I did want to commend those that laid out this station for putting entrances in opposite directions off the platform. It expands the perceived walkshed of the station. Judkins Park is even better (as it accounts for the elevation change too). It may not lead to more TOD due to local zoning, but at least the station layout doesn’t preclude it. Different entrances can focus on different things too — like parking or a transit center in one direction and an urban village in another.
Single entry point stations like Shoreline South are more limiting in their surrounding land potential . “Barbell” layouts for stations are to me the best generic layout to begin with.

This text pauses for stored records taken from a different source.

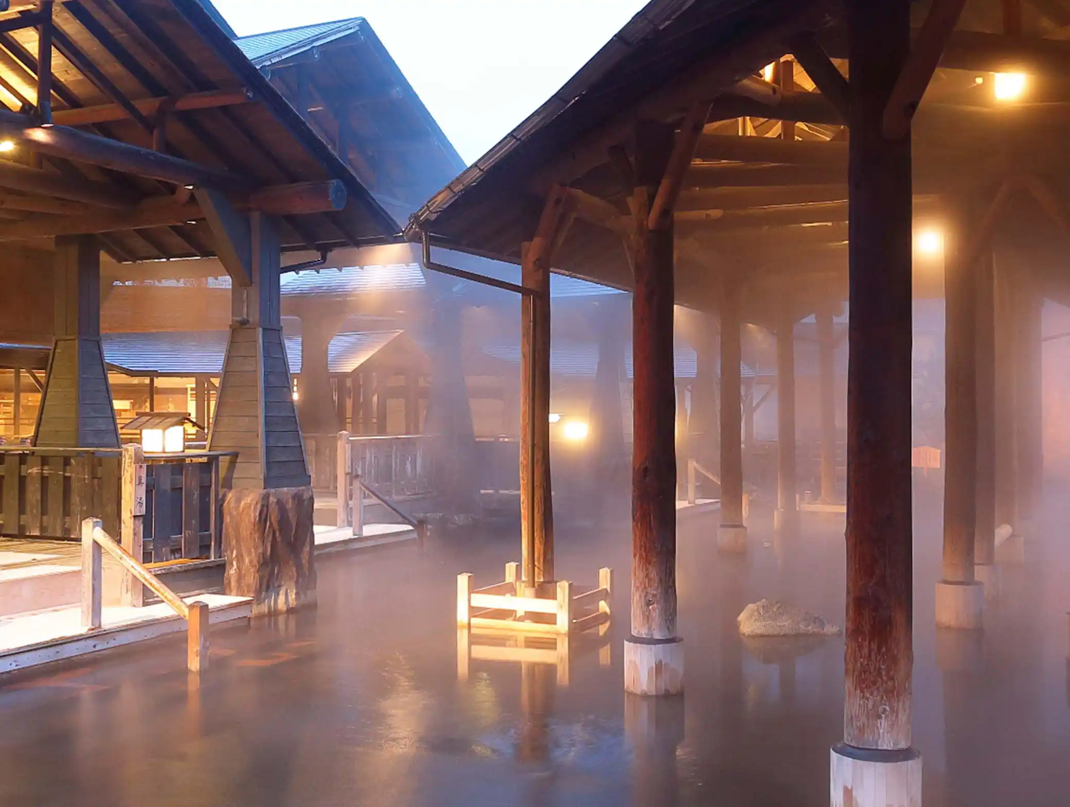 豊富な湧出量を誇るいわき湯本温泉を毎分3.5トンとふんだんに使用しています。みんなで楽しめる水着で入る温泉と、ハダカで入る温泉と分かれています。オススメは世界最大級の浴槽面積の「江戸情緒 与市」と、温泉水を使っているプールです。温泉の新たな可能性を体験してください。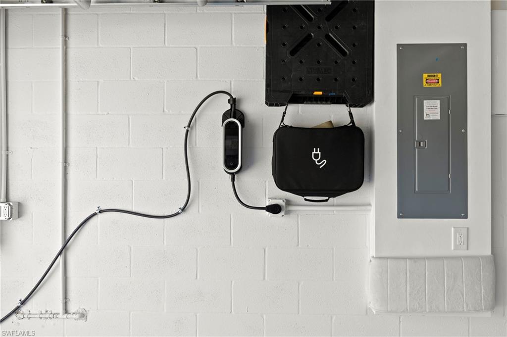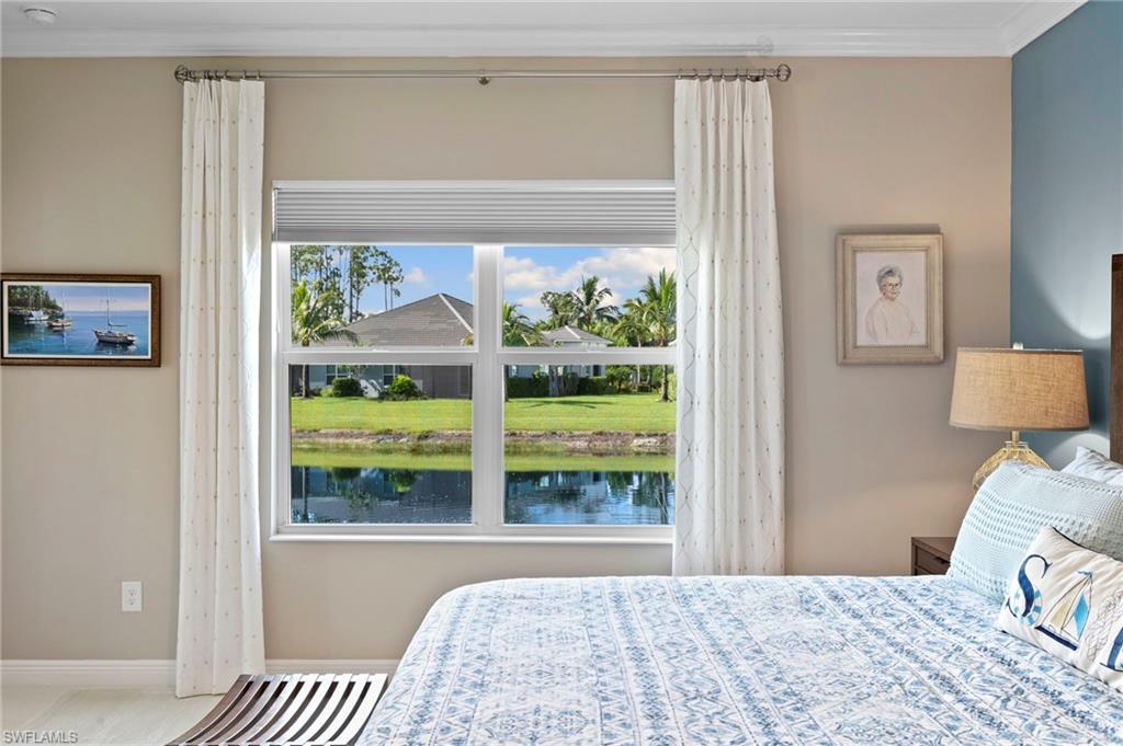 Built in 2020 and maintained in pristine condition, this coastal villa offers refined living in one of Central Naples desirable gated communities. With quality concrete block construction and impact-resistant windows throughout, this three-bedroom-plus-den residence is move-in ready and thoughtfully upgraded. The interior features tile and European French plank wood flooring with no carpet to maintain. A quartz island anchors the gourmet kitchen, complemented by a natural gas range, counter-depth stainless refrigerator, and clean soffit lines above cabinetry. A tray ceiling adds architectural interest to the great room, where 8-foot stacking sliders invite natural light and open to a screened lanai with peaceful water views. The primary suite includes dual vanities, a spacious walk-in shower, an electric bidet, and custom closet cabinetry. Functional upgrades include designer lighting from Wilson Lighting, a SimpliSafe security system and an epoxy-finished garage with pull-down attic access. Low HOA dues cover high-speed fiber optic internet and cable. No community development district or flood insurance required. Enjoy access to a community pool, clubhouse and dog park, all just minutes from Gulf beaches and dining in Old Naples.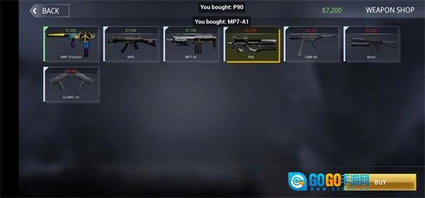 3、游戏启动时,初始配备的武器是手枪,获胜几率不高。你可以点击方向键上方的购物图标,选购更高级别的武器。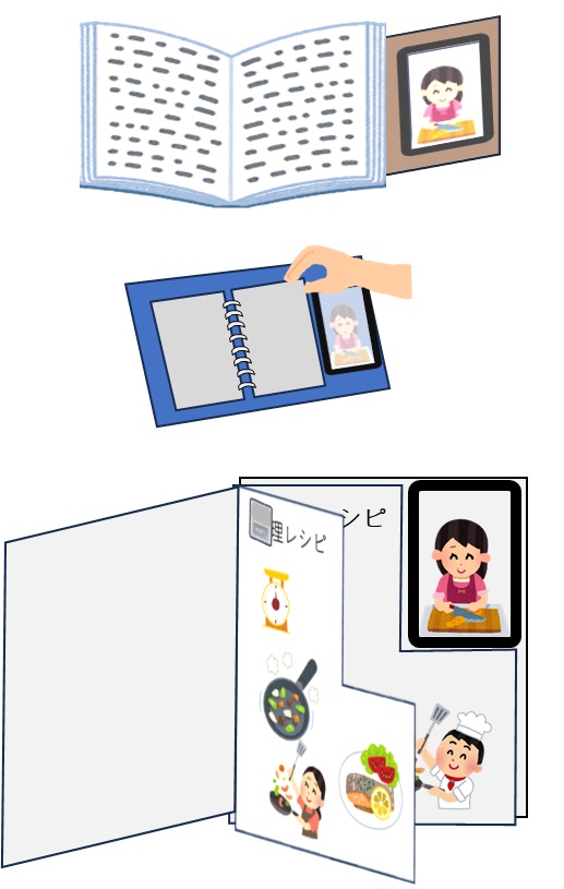 本の読み上げや、料理本等であれば、文字や静止画で表現できない動きの表現などをページを開くのと同期して提供することができます。必要なのは、スマートフォンやタブレット、またはNFCのリーダーを持ったオリジナルデバイスと、本技術を入れた印刷物とシート、you tubeやコンテンツを入れたWebストレージもしくは、オリジナルNFCアプリになります。シートは、バッテリー等は不要で無電源で動きます。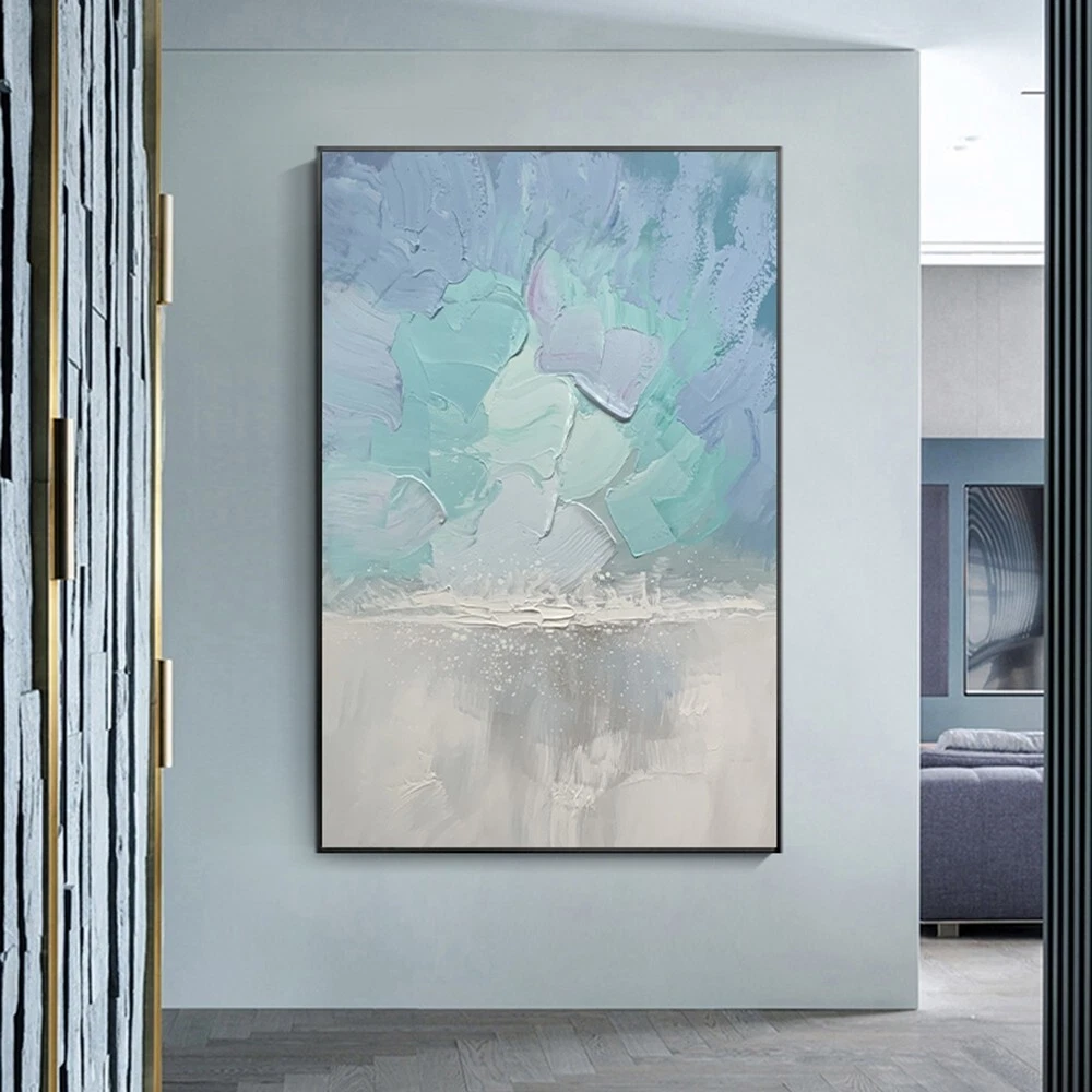 Elegant Blue Oil Painting Abstract Handmade Canvas Decorative Mural Unframe

In a certain sense, the Judkins Park station has three exits because of the pedestrian bridge over Rainier Ave! Excepting the grade crossing, I think they did as well as they could for a station sandwiched between a stroad and a freeway. Anyway, I don’t think the Rainier exits are too bad—the prevailing winds seem to point to Rainier becoming much safer in the future, and the bus connection is pretty phenomenal.
It’s true that Judkins Park has three entry points. However two are right across the street (albeit a busy street and without a crosswalk directly in between the entries) so to me it’s more like 2.5 entries.
Still, the more entries the the bigger the walkable station area usually is.
And because there’s no physical barrier between the two Link station entrances on Rainier, some people are probably going to run across the street there — and sometimes get injured or killed.